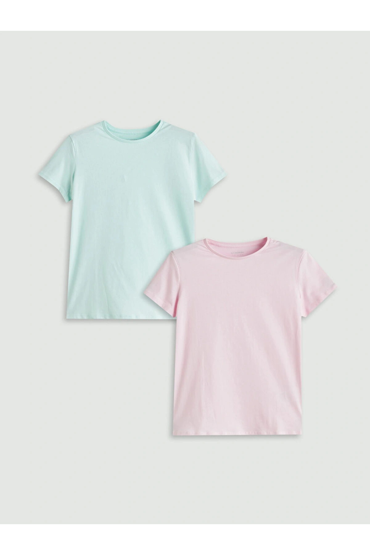 LCW Kids Pembe Bisiklet Yaka Kız Çocuk Tişört 2'li
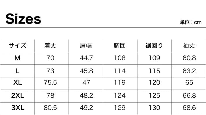 サイズ:M/L/XL/2XL/3XL
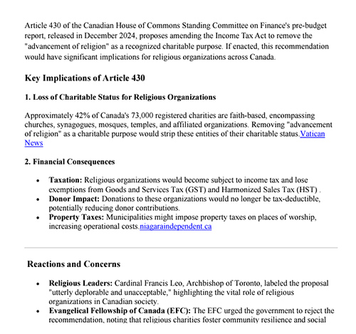 실제로 Recommendation 430이 채택돼 법으로 시행되면 캐나다 전역의 종교 단체, 특히 교회들은 '자선 단체(Charity)' 지위를 상실하게 된다. 현재 등록된 약7만3천개의 캐나다 자선단체 중 42%인 약 3만개가 교회, 회당, 모스크, 사찰 등 신앙 기반 단체들인데, '종교의 증진'이 자선 목적으로 인정되지 않으면, 이들 대부분이 자선 단체 지위를 박탈당해 더 이상 소득세, 상품 및 서비스세(GST) 및 통합 판매세(HST) 면세 혜택을 받지 못하고 과세 대상이 될 수 있다.
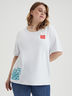 Футболка женская свободного кроя из мягкой хлопковой кулирки с небольшим добавлением лайкры от бренда Barmariska. Прямой силуэт с широкой горловиной и втачным рукавом. Дизайнерский принт выполнен методом шелкографии и дополнен декоративной брендированной нашивкой на правом рукаве. Цвет изделия может незначительно отличаться от цвета изделия на фото. Допустимое отклонение от размерной сетки +/- 1.0 сантиметр. Товар представлен в категории PLUS SIZE (БОЛЬШИЕ РАЗМЕРЫ).

What to work on: When you copy the listing, keep every line exactly as it is but leave out all images.

Result of the exercise:
 LCW Kids Pembe Bisiklet Yaka Kız Çocuk Tişört 2'li
 サイズ:M/L/XL/2XL/3XL
 실제로 Recommendation 430이 채택돼 법으로 시행되면 캐나다 전역의 종교 단체, 특히 교회들은 '자선 단체(Charity)' 지위를 상실하게 된다. 현재 등록된 약7만3천개의 캐나다 자선단체 중 42%인 약 3만개가 교회, 회당, 모스크, 사찰 등 신앙 기반 단체들인데, '종교의 증진'이 자선 목적으로 인정되지 않으면, 이들 대부분이 자선 단체 지위를 박탈당해 더 이상 소득세, 상품 및 서비스세(GST) 및 통합 판매세(HST) 면세 혜택을 받지 못하고 과세 대상이 될 수 있다.
 Футболка женская свободного кроя из мягкой хлопковой кулирки с небольшим добавлением лайкры от бренда Barmariska. Прямой силуэт с широкой горловиной и втачным рукавом. Дизайнерский принт выполнен методом шелкографии и дополнен декоративной брендированной нашивкой на правом рукаве. Цвет изделия может незначительно отличаться от цвета изделия на фото. Допустимое отклонение от размерной сетки +/- 1.0 сантиметр. Товар представлен в категории PLUS SIZE (БОЛЬШИЕ РАЗМЕРЫ).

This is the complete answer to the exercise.